The worrying thing about all this is that most of it happened since the IRA ceasefire began and Republicans are supposed to have moved on to an exclusively political track with Sinn Fein.

And now we have the more recent reports by the police on both sides of the border in the wake of this year's Davison and McGuigan murders not only that the IRA still exists, but that it has arms, is capable of enforcing its will and has "overarching" control of Sinn Fein.

Variations of the Sinn Fein tactics described above have been used to deny or ridicule all of this, of course, and will be in the future. But the majority of people here are by now well used to these Sinn Fein postures and are not convinced by them.

There is a general understanding here that it will take time to completely deal with and eradicate the criminality and occasional violence left in the wake of the IRA war. The worrying thing is that instead of grappling with the problem and pushing to solve it, Sinn Fein appears to be in denial much of the time.

This appears to be part of an understanding among Republicans that as long as "the boys" stick to ordinary crime and don't start shooting soldiers or police, they can be left to get on with it, within reason. God forbid they should have to work for a living.

It is also about creating a narrative which in the long run will mean that all those involved in the recent Troubles will be seen as heroes like the men of 1916. Demeaning them at this stage is not part of the peace bargain and would not help in creating this narrative. That is why Sinn Fein always refers to IRA brutality and criminality as "wrong,” in the sense that it is a mistake or ill-judged, but never condemns those involved outright as thugs or killers.

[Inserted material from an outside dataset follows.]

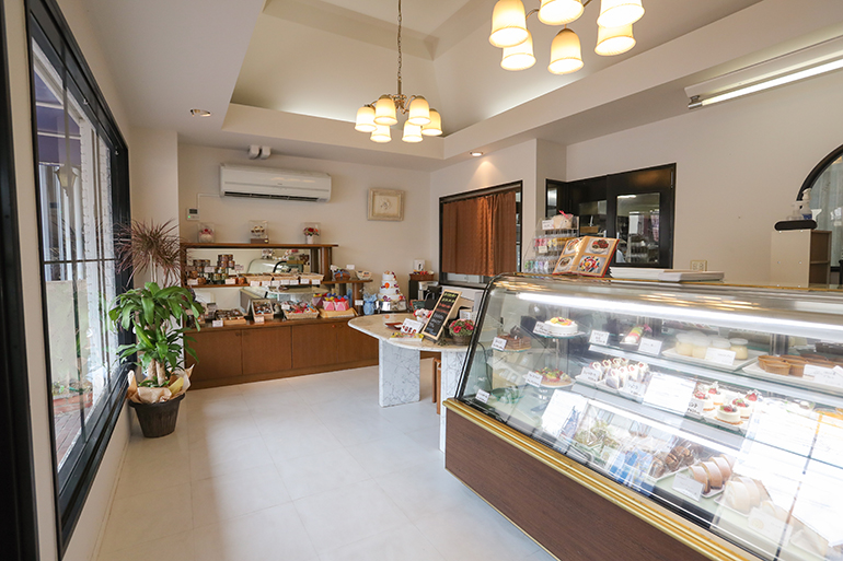 明るいオシャレな雰囲気の店内で、色とりどりのケーキがショーケースの中に処狭しと並んでいます。 焼き菓子コーナーもあり、 ちょっとした手土産やギフトに買われるお客様も多いです。
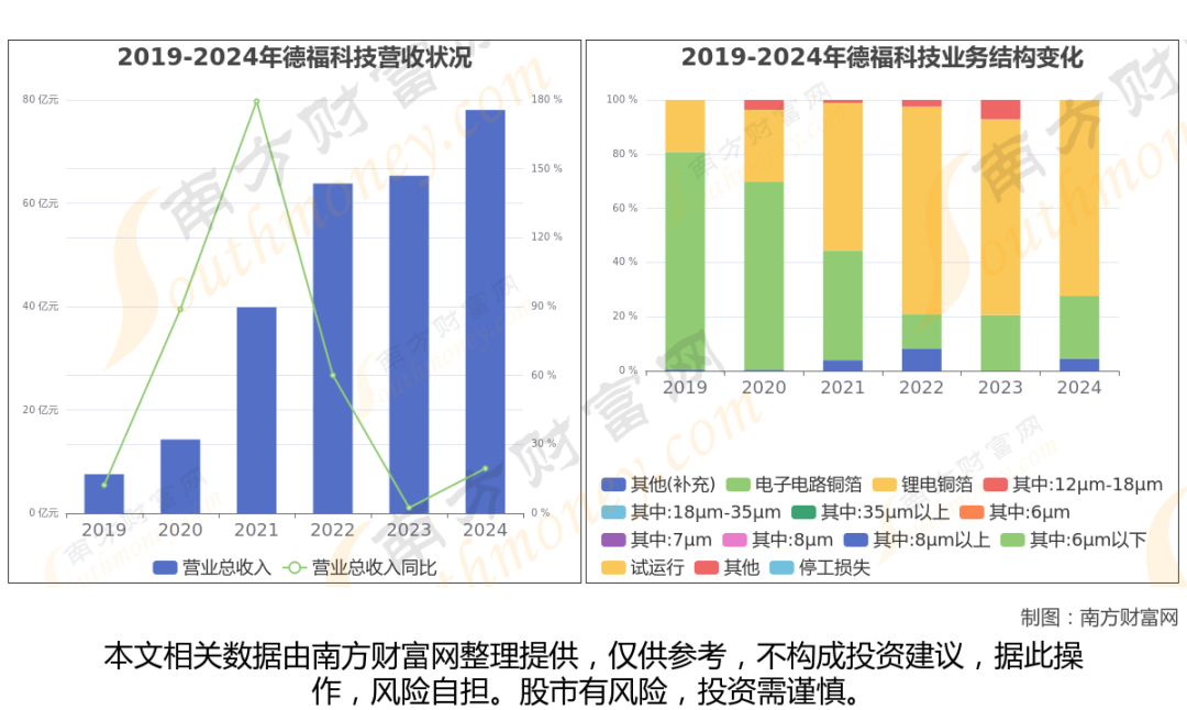 根据南方财富网产业链数据显示,公司产品线涵盖电子电路铜箔、锂电铜箔等产品;产品广泛应用于覆铜板、印制电路板、锂电池等领域。

All of this explains why most people here would not be prepared to attend a glitzy fundraising dinner for Sinn Fein at which its leaders are lionized. It's a matter of trust -- and all those unanswered questions. And that's before we even consider what their left wing economic policies -- and their cynical political opportunism on difficult issues like property and water taxes --- would do to the country.

No doubt the 700 well off Irish Americans who were at the Sinn Fein dinner in Manhattan last week love the old country and mean well. But how they can justify putting Sinn Fein on such a pedestal at this early stage in that party's journey to normality is hard for people here to understand.

Likewise turning Gerry Adams into a hero. Maybe some of them will explain in the Irish Voice or on IrishCentral.